• **RECORDS FOR THE TASK**:
|---|
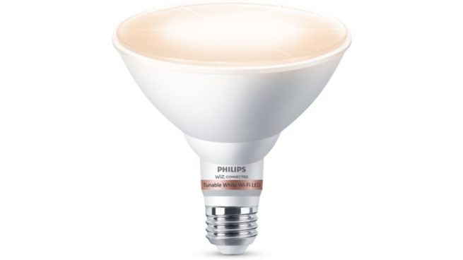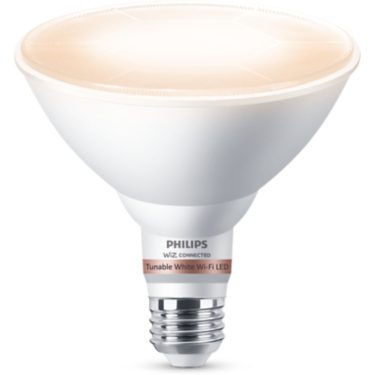 Get the conveninece of smart lighting with this Philips Wi-Fi Tunable White PAR38 bulb. Use the WiZ app or your voice to get preset light scenes and more. Philips Wi-Fi bulbs are WiZ-connected. Not compatible with Philips Hue.
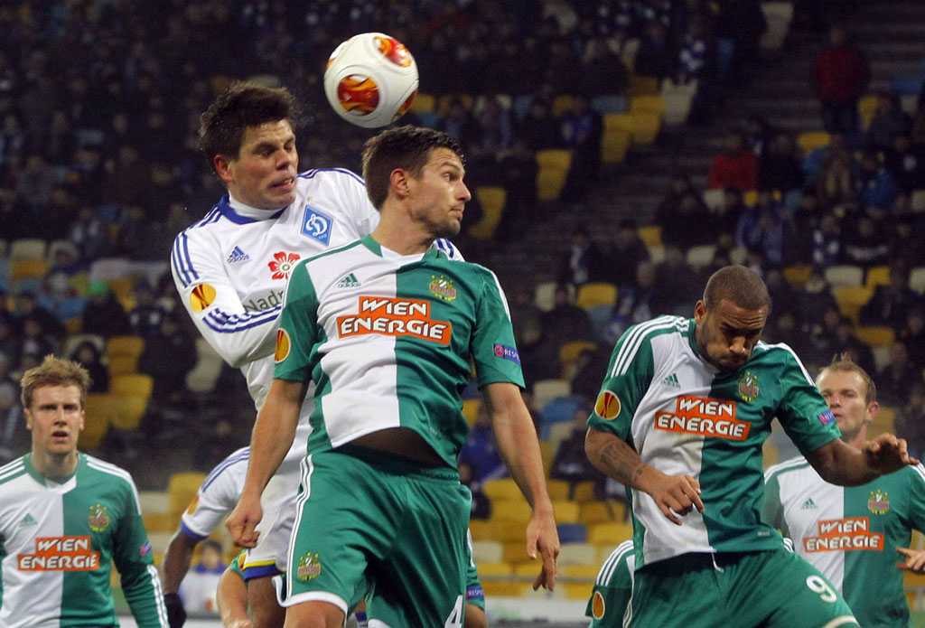 Начиная с сезона 2015\2016, число представителей украинского чемпионата в еврокубках может быть сокращено с 6 до 5. Полузащитник киевского Динамо Огнен Вукоевич (в центре) в матче против венского Рапида в Лиге Европы.
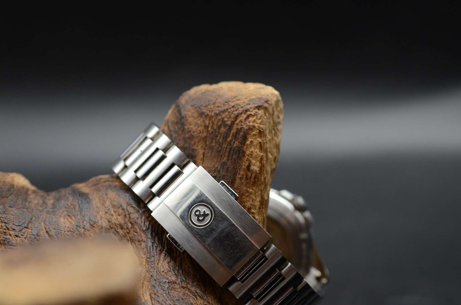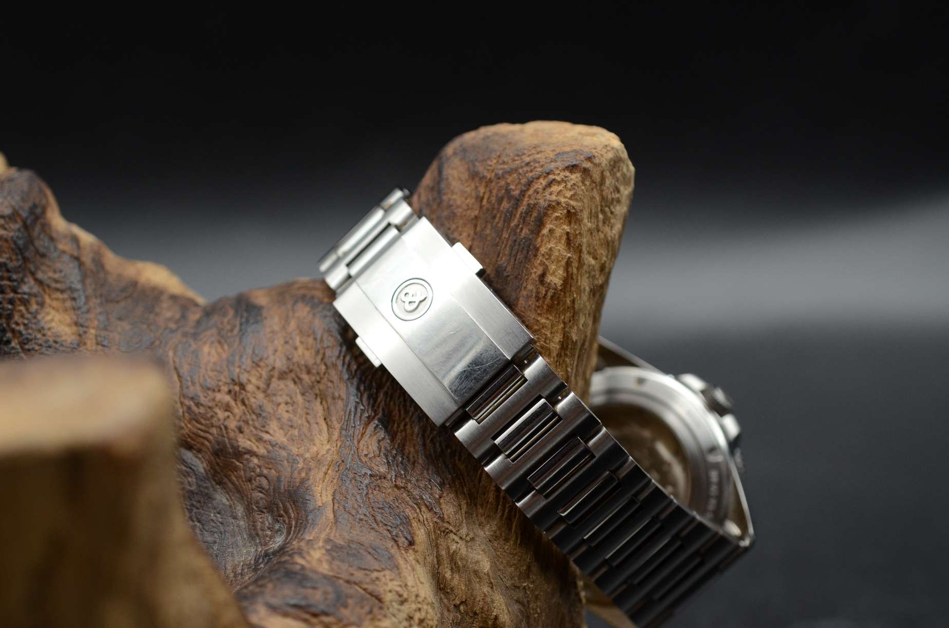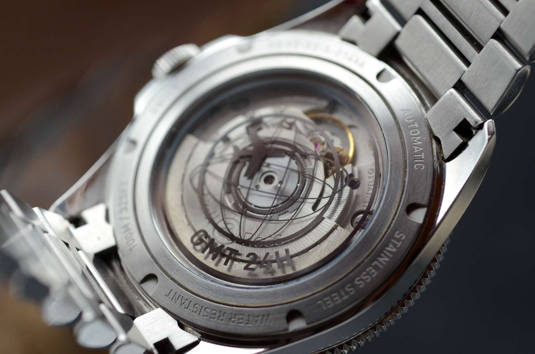 Le cadran noir mat est conçu pour une lisibilité maximale. Les index appliqués et aiguilles sont recouverts de Super-LumiNova, assurant une lecture parfaite de l’heure de jour comme de nuit. L’aiguille GMT à pointe colorée permet d’identifier instantanément le second fuseau horaire, tandis que le guichet date discret complète l’ensemble avec élégance.
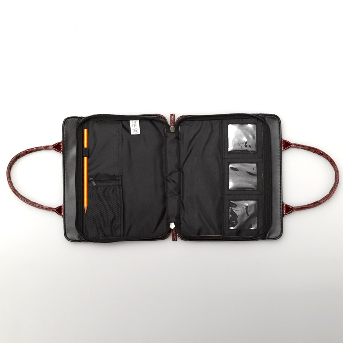 The two-way zipper pulls are constructed from the same croc-embossed faux leather as the cover.The inside of the case features 3 clear pockets that can be used for photos, a zippered mesh pocket, and a pen loop. The cover opens up to lay completely flat.
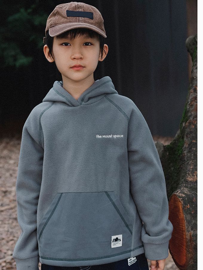 品名:撞色車線搖粒絨長袖連帽上衣
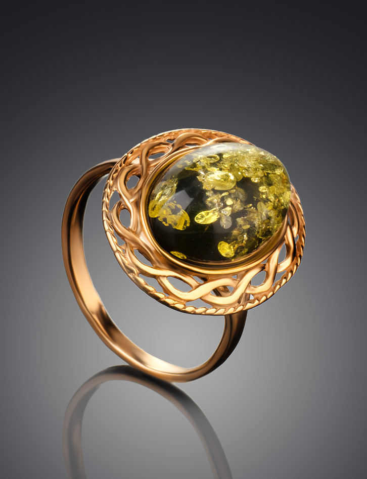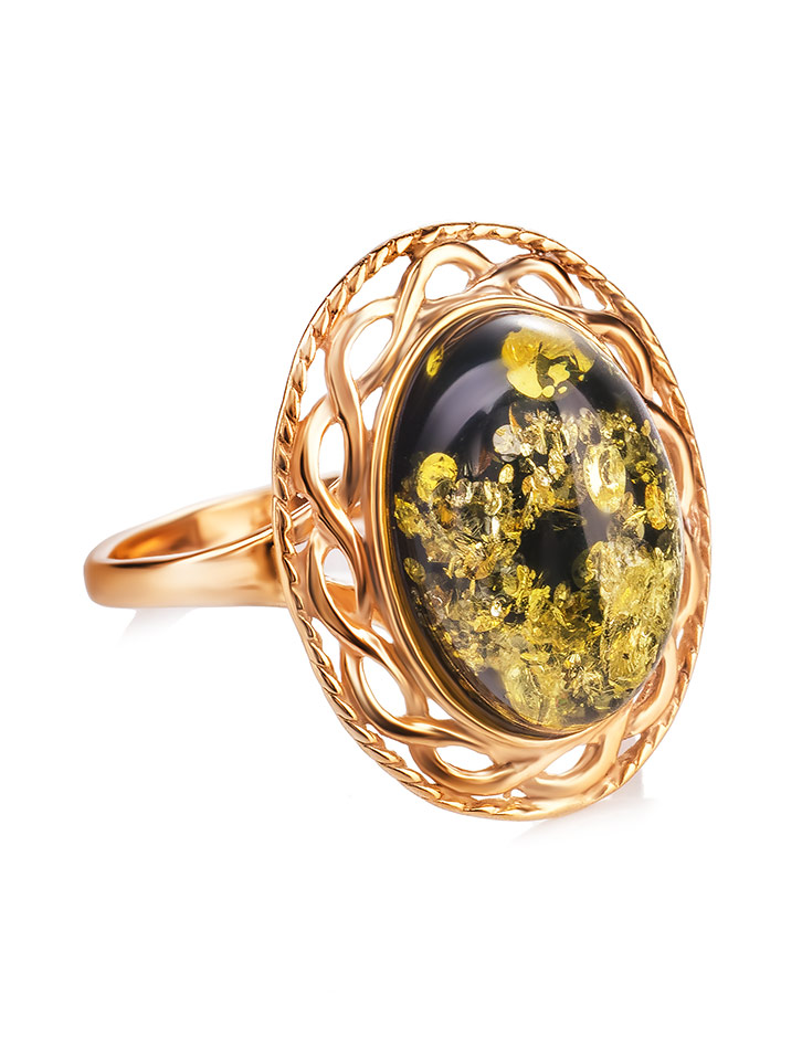 Женственное кольцо из зелёного янтаря «Вавилон»
|---|
• **PROBLEM DESCRIPTION**: Leave every picture out and print exactly the lines from the one that contains "The two-way zipper" through the last line of the material above.

• **OUTPUT FOR THIS TASK**:
 The two-way zipper pulls are constructed from the same croc-embossed faux leather as the cover.The inside of the case features 3 clear pockets that can be used for photos, a zippered mesh pocket, and a pen loop. The cover opens up to lay completely flat.
 品名:撞色車線搖粒絨長袖連帽上衣
 Женственное кольцо из зелёного янтаря «Вавилон»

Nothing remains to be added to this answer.